Problem: Emails bouncing back

Causes:

  • Invalid recipient email addresses
  • Temporary server issues
  • Email addresses no longer exist

Solutions:

  1. Verify email addresses:
  • Test with known good addresses
  • Remove invalid addresses from database
  1. Check bounce logs:
  • Provider dashboard shows bounce reasons
  • Hard bounces vs soft bounces
  1. Handle bounces properly:
  • Remove hard-bounced addresses
  • Retry soft bounces later

Best Practices

  1. Authenticate your domain – Always use SPF, DKIM, DMARC
  2. Use a dedicated subdomainmail.yoursite.com for sending reputation
  3. Monitor delivery rates – Check provider dashboard regularly
  4. Keep API keys secure – Never commit to version control
  5. Use environment variables – For API keys in production
  6. Test before going live – Send test emails thoroughly
  7. Set up bounce handling – Monitor and act on bounces
  8. Use descriptive from names – Help users identify legitimate emails
  9. Don’t use personal email – Use domain email for professionalism
  10. Have backup method – Consider fallback to wp_mail() if provider fails

Cost Management

Staying in Free Tiers

Amazon SES:

  • Monitor monthly sending volume
  • Free tier: 62,000/month with EC2 or $0.10 per 1,000
  • Set up billing alerts in AWS

Resend:

  • 100 emails/day = 3,000/month
  • Enough for small sites with occasional 2FA
  • Upgrade to $20/month for 50,000

SendGrid:

  • 100 emails/day = 3,000/month
  • Similar to Resend
  • Good for small to medium sites

Optimizing Costs

  1. Only enable email 2FA if needed
  • App-based 2FA doesn’t use email credits
  • Email 2FA only when required
  1. Batch notifications (if sending bulk)
  • Don’t send individual emails for each event
  • Batch and send digest emails
  1. Clean your user list
  • Remove bounced addresses
  • Remove inactive users
  • Reduces unnecessary sends
  1. Monitor usage
  • Check provider dashboard monthly
  • Set up usage alerts
  • Upgrade plan before hitting limits

FAQ

Q: Do I need an email provider?
A: Only if you want email-based 2FA or reliable transactional emails. App-based 2FA doesn’t require email.

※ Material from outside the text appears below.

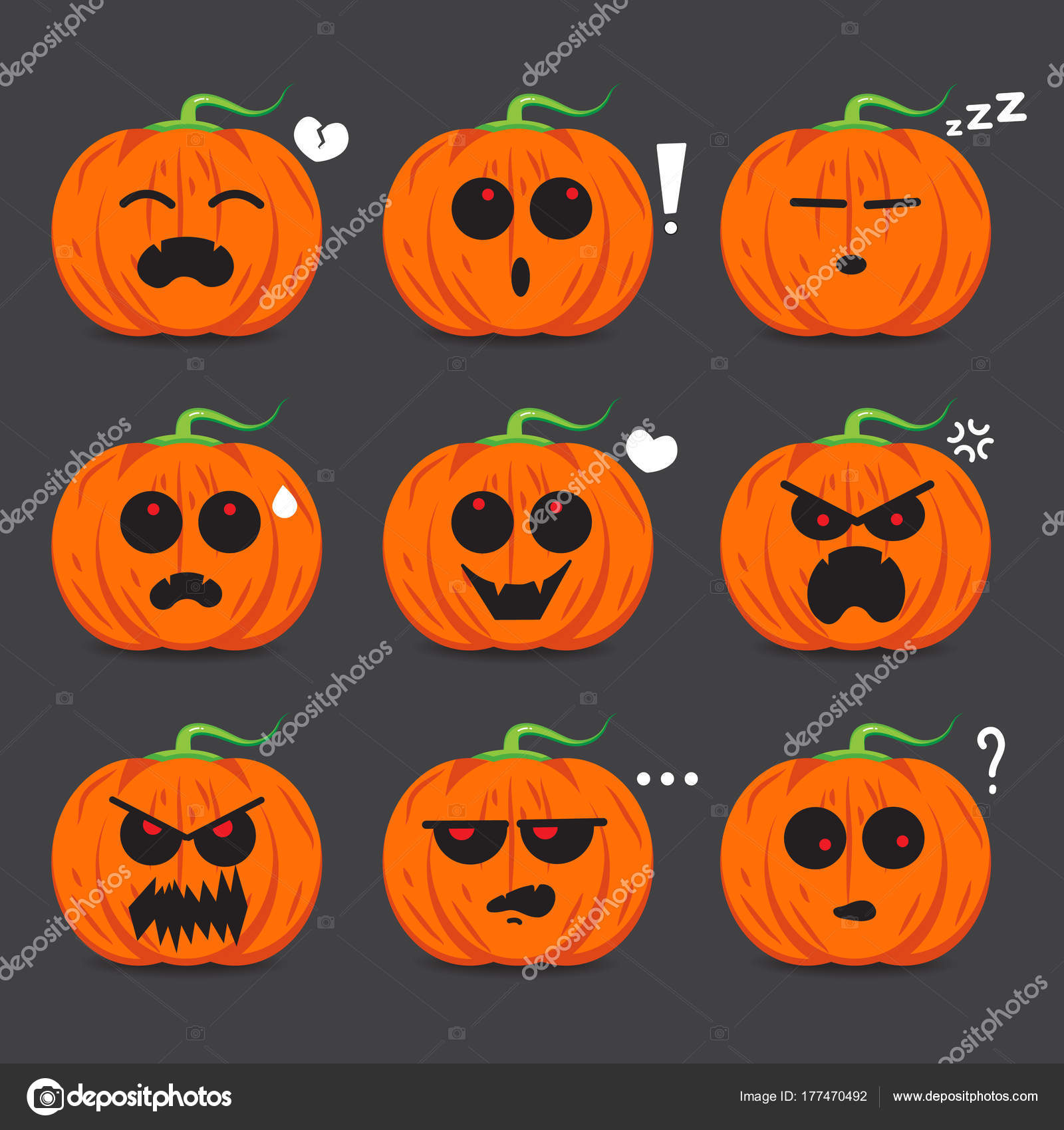 Vettore Disegno Facce Halloween Faccia Zucca Emozione - Download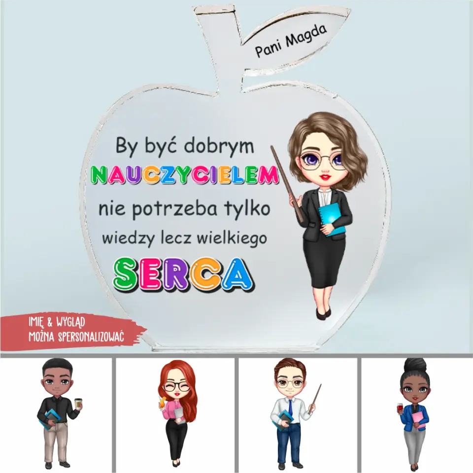 Poszukujesz idealnego prezentu dla nauczyciela, który zadziwi i ucieszy? Nasza kolekcja oferuje unikalne, spersonalizowane prezenty, które wyrażają wdzięczność i szacunek w niezwykły sposób. Wybierz z naszej szerokiej gamy produktów, które można dostosować do zainteresowań i preferencji nauczyciela. Nasze spersonalizowane prezenty są doskonałym sposobem na wyrażenie wdzięczności za ich poświęcenie i oddanie w pracy edukacyjnej. Znajdź inspirujący prezent już dziś! Prezent dla nauczyciela, współpracowników, dziewczyny, chłopaka, siostry i przyjaciółki na dzień nauczyciela. Spersonalizowany presenty ok córki, syna, dzieci, koleżanki, męża, matki, przyjaciół. Wybierz postacie, fryzury, kolor włosów i ubrania i stwórz swój własny, niepowtarzalny projekt prezentu.

Q: Which provider is best?
A: Resend for simplicity, Amazon SES for cost/scale, SendGrid for enterprise features.

Q: Can I use my regular email service (Gmail, Outlook)?
A: Not recommended. They have sending limits and poor deliverability for automated emails.

Q: Will this affect my regular WordPress emails?
A: No. Guard Dog only uses the email provider for its own emails. Other WordPress emails still use wp_mail().

Q: Can I switch providers later?
A: Yes, just change the provider selection and update credentials.

Q: Do I need to configure DNS records?
A: Highly recommended for good deliverability. Not strictly required but emails may go to spam without them.

Q: What if email sending fails?
A: Users will see an error and can’t complete email 2FA. Have app-based 2FA as backup.

Q: How many emails will I send?
A: For 2FA: ~2 per user login. For 100 users logging in daily = ~200 emails/day.

Q: Can I use free email providers?
A: Yes, all three have generous free tiers sufficient for most small to medium WordPress sites.